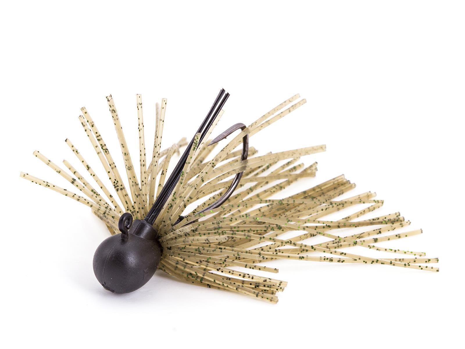 Dieser kleine Finesse Jig mit Tungsten Gewicht lässt sich nahezu hängerfrei fischen. Der Jighaken ist stabil genug, um auch größere Fische sicher zu landen. Gerade wenn die Fische recht launisch sind und nicht so richtig beißen wollen, sollte man zum Guard Spin Jig greifen! Ideale Trailer sind Krebse, Würmer aber auch die Kombination mit Gummifischen in 2″ und 3″ ist sehr erfolgreich. Der Guard Spin Jig arbeitet besonders gut bei langsamer Köderführung mit kleinen Sprüngen oder beim Schleifen über den Grund. Haken-Größe 2 von Decoy Bleifrei Von Hand eingeklebter Weedguard
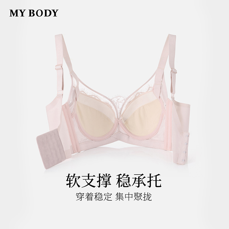 商场同款MYBODY新款蕾丝内衣女全罩杯记忆钢圈防下垂聚拢性感文胸
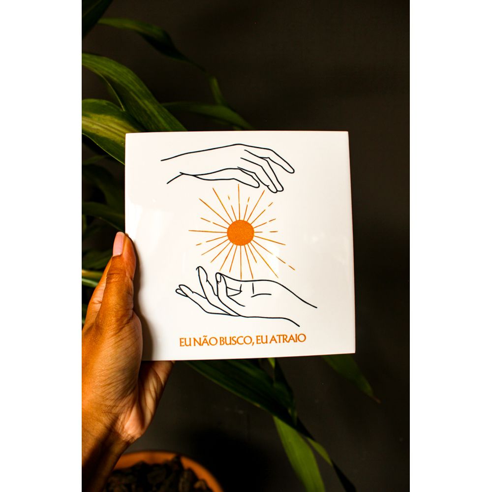 Com traços finos e toque dourado, a peça transmite a leveza da confiança e o poder da intenção. As mãos abertas envolvem um sol radiante, símbolo de energia e magnetismo. Uma arte que inspira conexão com o que é essencial e abundante.
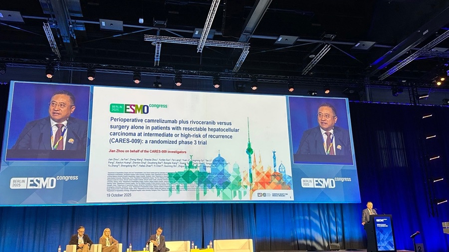 10月19日欧洲肿瘤学会(European Society for Medical Oncology, ESMO)年会上,中国肝癌研究再度传来佳音。在复旦大学附属中山医院樊嘉院士的指导下,由周俭教授牵头的研究者发起的临床研究最新成果——“卡瑞利珠单抗联合阿帕替尼用于可切除肝细胞癌伴中高危复发风险患者的围手术期治疗:一项多中心、开放、随机对照2/3期研究(CARES-009)”正式发布。周俭教授受邀作大会报告,代表团队解读CARES-009研究结果,向国际同行分享中国肝癌围手术期治疗经验。作为全球首个在肝癌围手术期治疗III期研究中取得阳性结果的临床试验,其重磅数据一经发布,便引发全球关注。
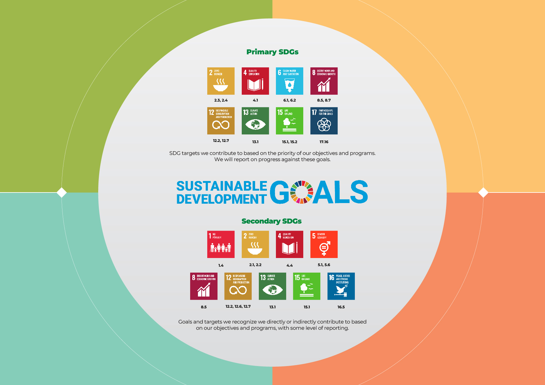 Kami memetakan topik-topik penting dan tujuan program kami ke dalam SDGs dan target-targetnya, menguraikan SDGs primer dan sekunder yang kami kontribusikan. Kami meninjau kembali pelaksanaan laporan ini sebagai bagian dari pembaruan materialitas tahunan kami dan juga memetakan risiko dan peluang hilir kami.
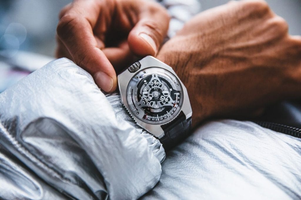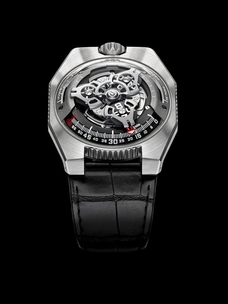 L’esthétique du boîtier de la UR-100 suscite un plaisir régressif. En effet, il remémorera aux fidèles d’URWERK l’esthétique des premiers modèles de la marque indépendante : « Vers la fin des années ’90, nous dévoilions nos UR-101 et UR-102. Cette UR-100 est un peu notre Retour vers le Futur » déclare Martin Frei. « Nous avons repris certains anciens éléments de nos premières constructions et avons déstructuré notre approche. Le boîtier de la UR-100 est la déconstruction d’un boitier URWERK existant. Le dôme d’acier de nos modèles historiques est ici reproduit en toute transparence, en verre saphir. Sa perfection est mise en relief par les aspérités de la boîte titane et acier. Pour moi qui questionne sans cesse le diktat de la symétrie, j’ai joué des proportions pour interpeler le regard. »
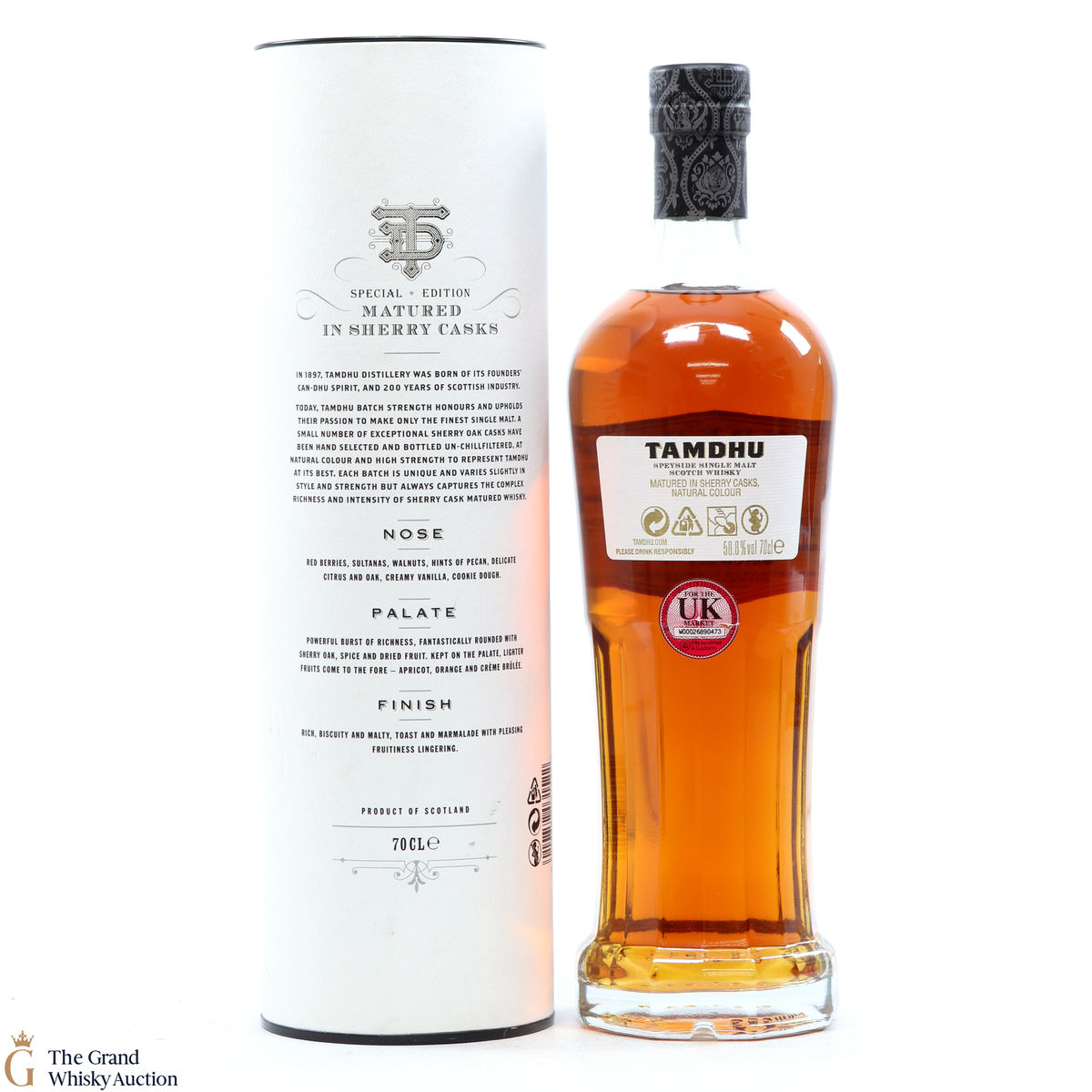 This lot includes a 70cl of Tamdhu Speyside Single Malt Scotch Whisky; Batch 1 of the annual edition of Tamdhu's multi-award-winning Batch Strength series. The series reflects Tamdhu’s commitment to producing ‘only the best’ sherry cask matured whisky.

+ + +

Reproduce the data verbatim. Do not carry any picture into the copy.

 Dieser kleine Finesse Jig mit Tungsten Gewicht lässt sich nahezu hängerfrei fischen. Der Jighaken ist stabil genug, um auch größere Fische sicher zu landen. Gerade wenn die Fische recht launisch sind und nicht so richtig beißen wollen, sollte man zum Guard Spin Jig greifen! Ideale Trailer sind Krebse, Würmer aber auch die Kombination mit Gummifischen in 2″ und 3″ ist sehr erfolgreich. Der Guard Spin Jig arbeitet besonders gut bei langsamer Köderführung mit kleinen Sprüngen oder beim Schleifen über den Grund. Haken-Größe 2 von Decoy Bleifrei Von Hand eingeklebter Weedguard
 商场同款MYBODY新款蕾丝内衣女全罩杯记忆钢圈防下垂聚拢性感文胸
 Com traços finos e toque dourado, a peça transmite a leveza da confiança e o poder da intenção. As mãos abertas envolvem um sol radiante, símbolo de energia e magnetismo. Uma arte que inspira conexão com o que é essencial e abundante.
 10月19日欧洲肿瘤学会(European Society for Medical Oncology, ESMO)年会上,中国肝癌研究再度传来佳音。在复旦大学附属中山医院樊嘉院士的指导下,由周俭教授牵头的研究者发起的临床研究最新成果——“卡瑞利珠单抗联合阿帕替尼用于可切除肝细胞癌伴中高危复发风险患者的围手术期治疗:一项多中心、开放、随机对照2/3期研究(CARES-009)”正式发布。周俭教授受邀作大会报告,代表团队解读CARES-009研究结果,向国际同行分享中国肝癌围手术期治疗经验。作为全球首个在肝癌围手术期治疗III期研究中取得阳性结果的临床试验,其重磅数据一经发布,便引发全球关注。
 Kami memetakan topik-topik penting dan tujuan program kami ke dalam SDGs dan target-targetnya, menguraikan SDGs primer dan sekunder yang kami kontribusikan. Kami meninjau kembali pelaksanaan laporan ini sebagai bagian dari pembaruan materialitas tahunan kami dan juga memetakan risiko dan peluang hilir kami.
 L’esthétique du boîtier de la UR-100 suscite un plaisir régressif. En effet, il remémorera aux fidèles d’URWERK l’esthétique des premiers modèles de la marque indépendante : « Vers la fin des années ’90, nous dévoilions nos UR-101 et UR-102. Cette UR-100 est un peu notre Retour vers le Futur » déclare Martin Frei. « Nous avons repris certains anciens éléments de nos premières constructions et avons déstructuré notre approche. Le boîtier de la UR-100 est la déconstruction d’un boitier URWERK existant. Le dôme d’acier de nos modèles historiques est ici reproduit en toute transparence, en verre saphir. Sa perfection est mise en relief par les aspérités de la boîte titane et acier. Pour moi qui questionne sans cesse le diktat de la symétrie, j’ai joué des proportions pour interpeler le regard. »
 This lot includes a 70cl of Tamdhu Speyside Single Malt Scotch Whisky; Batch 1 of the annual edition of Tamdhu's multi-award-winning Batch Strength series. The series reflects Tamdhu’s commitment to producing ‘only the best’ sherry cask matured whisky.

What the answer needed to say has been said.